A number of local schools are remaining closed tomorrow in Clondalkin, Lucan, Rathcoole, Palmerstown. Please check with local school authorities. https://t.co/K9wT73eeUH— Frances Fitzgerald (@FitzgeraldFrncs) March 4, 2018
HSE cancels all non-urgent surgeries
The HSE has cancelled all non-urgent surgeries planned for Monday and has said there is no need for patients to contact their hospital.
Hospitals will be in touch over the coming weeks to reschedule their appointments.
Day surgery will proceed in most acute hospitals tomorrow.
Non-urgent surgeries planned for Tuesday will be reviewed tomorrow and the HSE will make an announcement then regarding the remainder of the week.
Outpatient appointments are expected to recommence across most hospitals tomorrow.
However, at Wexford General, all outpatient clinics, radiology and cardiac diagnostics have been cancelled for tomorrow.

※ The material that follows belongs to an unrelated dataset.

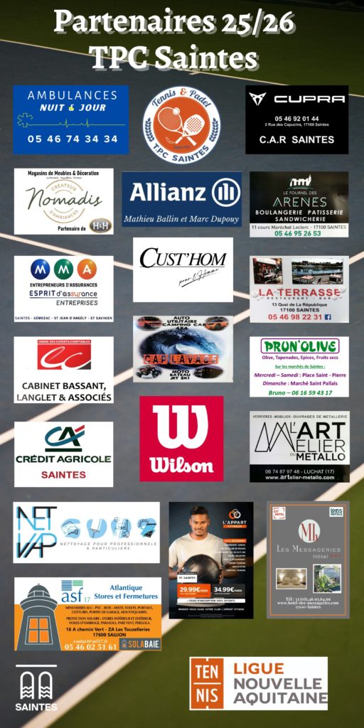 Le Club de Tennis & Padel de Saintes remercie ses partenaires pour leur confiance. Ils nous accompagnent pour le développement du club pour la saison 2025 / 2026

The HSE says that due to the heavy snowfall and travel conditions, it has not been possible to discharge patients who were ready to leave hospital.
This has led to a large number of patients being delayed in hospital.
Outpatient clinics, elective and routine procedures will go ahead as planned at each of the three Dublin children's hospitals tomorrow.
The Children’s Hospital Group said there may continue to be an impact on some services into early next week.
Patients who had appointments cancelled last week will be contacted by the relevant hospital directly to reschedule their appointment.
The HSE has said that home care provision has also been affected by the heavy snowfall.
It is asking people to consider checking in on elderly or vulnerable members of the community and to make sure they have supplies of food, fuel, water and medicines, while it returns home care services to normal levels.
Meanwhile, The Irish Nurses and Midwives Organisation has called for the first two weeks of March to be declared and treated as an emergency period in the health Service.
It says it is extremely concerned about the pressures that will be brought to bear on the service, following on from the past five days of emergency weather conditions.
The union says staff have worked for extended periods and will need rest periods, so rosters will have to be re-arranged to accommodate this and it will reduce available staff for services in the short term.
The Irish Medical Organisation has urged the public to limit use of emergency departments and GP surgeries and to be patient as health services slowly return to full capacity.